A standard multiple regression analysis was conducted to determine which of the two core symptoms of ASD at Time 1, social communicative skills or restricted repetitive behaviors, contributed the greatest unique variance to symptom severity at Time 2 (n = 199). A correlation analysis demonstrated that symptom severity at Time 2 was significantly related to social communicative skills and restricted repetitive behaviors (r (197) = .59 and .52, respectively, p < .001), and that social communicative skills was significantly correlated with restricted repetitive behaviors (r (197) = .54, p < .001). The overall regression model for the equation was significant, R²= .41, R²adj = .40, F (2, 196) = 67.36, p < .001. This represents a large effect size. Both social communicative skills and restricted repetitive behaviors at Time 1 significantly predicted symptom severity at Time 2; however, social communicative skills accounted for more of the unique variance (14%), B = 1.94, t (196) = 6.76, p < .001, CI = 1.38–2.51, compared to restricted repetitive behaviors (5%), B = 1.16, t (196) = 4.26, p < .001, CI = .62–1.70.

To rule out the possibility that this finding reflects differences in correlations between social communicative skills and restrictive repetitive behaviors with symptom severity at Time 1, correlational analyses of these variables were considered at Time 1 only. Results demonstrated that social communicative skills and restricted repetitive behaviors at Time 1 were significantly related to symptom severity at Time 1, r (197) = .80 and .79, respectively, p < .001. These two correlations are not significantly different from each other, indicating that both social communicative skills and restricted repetitive behaviors are equally sensitive with respect to predicting symptom severity at Time 1.

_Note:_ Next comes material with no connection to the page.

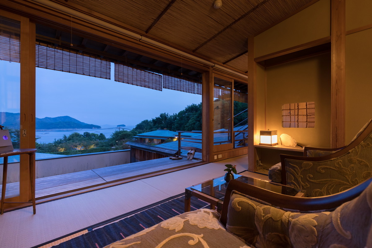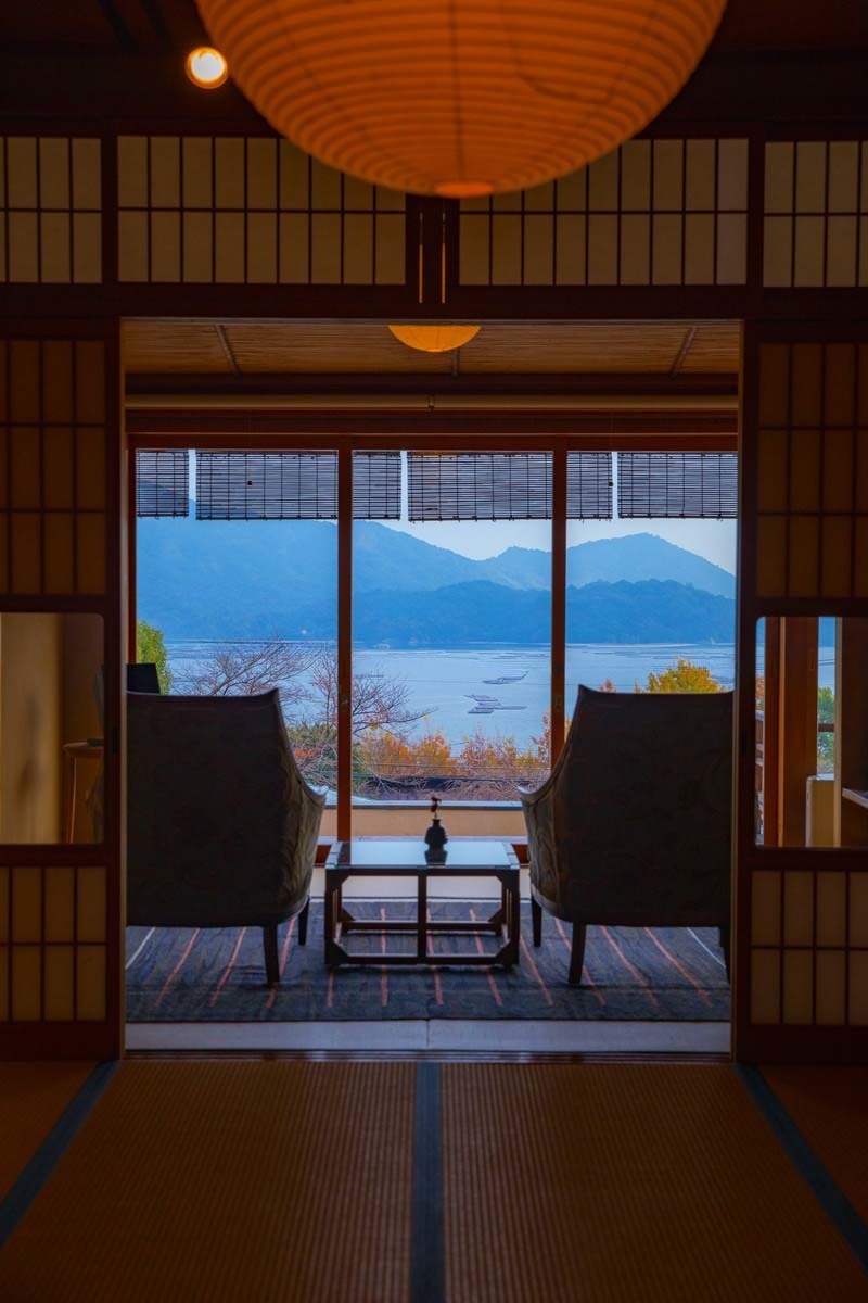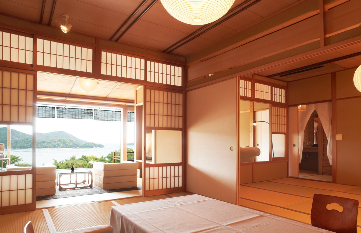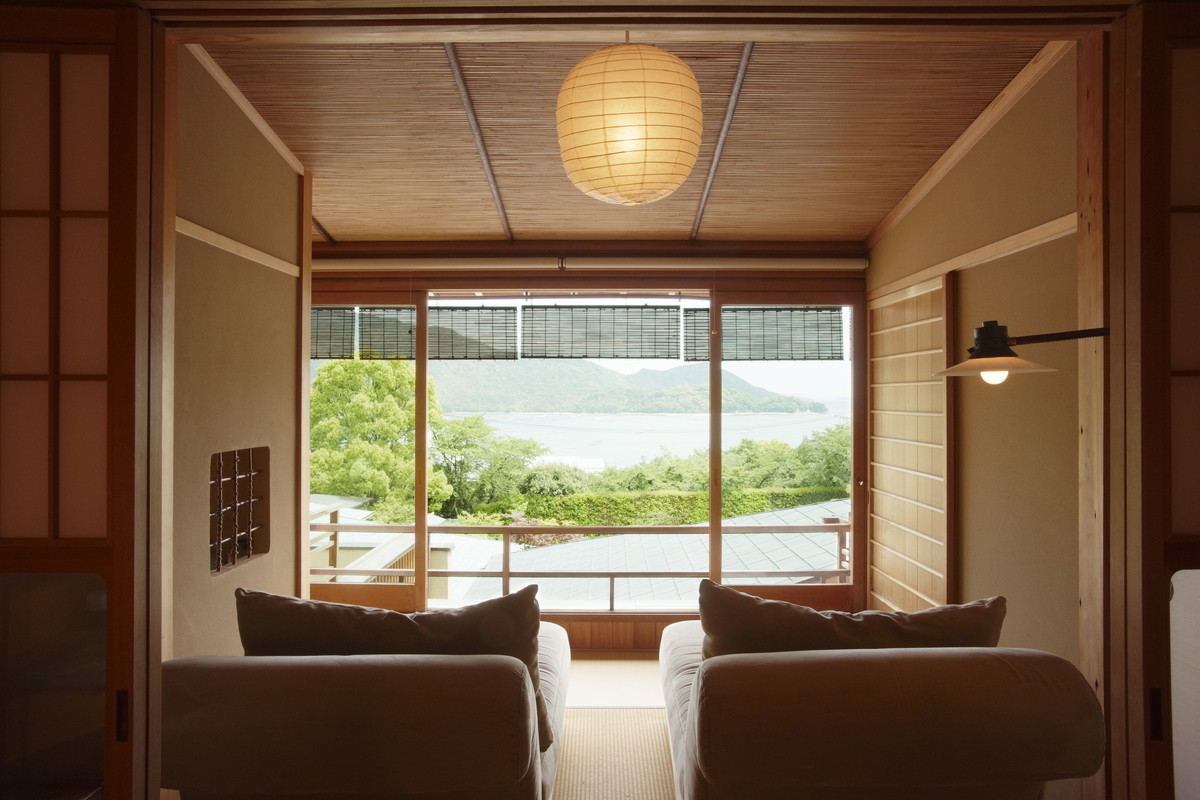 This is the 2F room (main building) with two large rooms. All three of the 2F rooms have ocean views. On a clear day, you can see all the way to Oshima and Shikoku. This is the only room which provides a view of the islands of the Seto Inland Sea beyond Miyajima.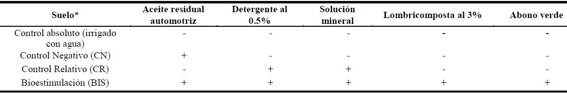 El aceite residual automotriz (ARA), una mezcla de hidrocarburos (HICO) alifáticos, aromáticos y trazas de metales pesados,1,2 que de acuerdo con la Ley General de Equilibrio Ecológico y Protección Ambiental (LGEEPA) se considera residuo peligroso para el ambiente.3 El ARA derramado en suelo forma una capa impermeable, bloqueando la difusión de O2 (oxigeno) y agua,4 causando un desequilibrio en la relación C:N (carbono/nitrógeno), que inhibe la actividad de la microbiota heterotrófica aerobia autóctona (MHAA) que oxida la materia orgánica (MO), y como consecuencia reduce la productividad agricola.5,6 Al respecto la NOM-138-SEMARNAT /SSA-2012,7 establece un límite máximo permisible de 4400 ppm de HICO, fraccionada en: 200 fracción ligera, 1200 mediana 1200 y 3000 ppm pesada. Un valor superior a 4400 ppm en suelo, esta ley, recomienda la aplicación de métodos químicos: O3 (ozono), H2O2 (peróxido de hidrogeno), Cl (cloro) y ClO2 (dióxido de cloro), que causan a su vez un daño colateral y elevado costo. Una alternativa ecológica a esta problemática que disminuya la concentración del ARA a concentración menor a la máxima aceptada por la NOM-138, la bioestimulación (BIS) del suelo impactado por ARA mediante un detergente (DEGE) que lo emulsifica,8 seguida de H2O2 o fuente de O2 (oxigeno) para acelerar su oxidación9 con enriquecimiento de una solución mineral (SOMI) a base de sales de NH4+, NO3- y PO4-3 que equilibrarían el desbalance de la relación C:N por el exceso de ARA e inducen a la microbiota a su oxidación,10,11 a continuación una BIS que mantenga la mineralización de la mezcla de HICO mediante una lombricomposta (LOCO) que incorporen com puestos orgánicos de N como la urea, aminoácidos, entre otros, y de MO almidón y glucosa que favorecen por cometabolismo a la oxidación del ARA.12 Posteriormente en el suelo la BIS mediante la siembra de Phaseolus vulgaris (frijol) y de Vicia sativa (janamargo) en estadio de plántula, se incorpora como abono verde (AVE) que se degradan para generar aminoácidos, nucleótidos y urea, al igual que azucares sencillos como glucosa, para mantener el cometabolismo de compuestos aromáticos policíclicos del ARA.3,13,14 En suelo impactado por este ARA una manera de facilitar la siembra de P. vulgaris y V. sativa es potenciarlo con Micromonospora echinospora y/o Penicillium chrysogenum para minimizar al estrés causado por la fitotoxicidad del ARA, principalmente porque ambos microorganismos oxidan los componentes aromáticos del ARA.15,16 Con base en lo anterior, el objetivo de este trabajo fue analizar la dinámica de BIS de un suelo impactado por 75000 ppm de ARA, y reducirlo a un valor inferior al máximo permisible por la NOM-138.

Social communicative gestures vs. functional gestures

A hierarchical regression analysis was conducted to examine the predictive value of social communicative gestures for symptom severity in children with ASD, after age, adaptive level, restricted repetitive behaviors, and functional gestures at Time 1 had been accounted for. All variables were significantly correlated, with the exception of age and functional gestures, and age and social communicative gestures (see Table 2).

Table 2.

Zero order bivariate correlations for symptom severity, age, adaptive level, restricted repetitive behaviors, functional gestures, and social communicative gestures (n = 142).

Measure	1	2	3	4	5	6	Mean	SD
1. Symptom severity (T2)	–	.18*	−.56**	.55**	−.53**	−.67**	31.16	4.88
2. Age (T1)		–	−.56**	.28**	−.01	−.02	30.44	7.35
3. Adaptive level (T1)			–	−.52**	.63**	.61**	65.58	9.55
4. Restricted repetitive behaviors (T1)				–	−.44**	−.44**	6.42	1.18
5. Functional gestures (T1)					–	.81**	.37	.23
6. Social communicative gestures (T1)						–	.23	.19

p < .05, ** p < .001.

Age, adaptive level, restricted repetitive behaviors, functional gestures, and social communicative gestures at Time 1 collectively accounted for 54% of the variance (R²adj = .52) in symptom severity at Time 2, F (1, 136) = 28.85, p < .001. This represents a large effect size. Social communicative gestures contributed an additional 10% of the variance in symptom severity after all other variables had been accounted for (See Table 3).

Table 3.

Hierarchical regression analysis predicting symptom severity (n = 142) [95% corrected and accelerated confidence intervals reported in parenthesis].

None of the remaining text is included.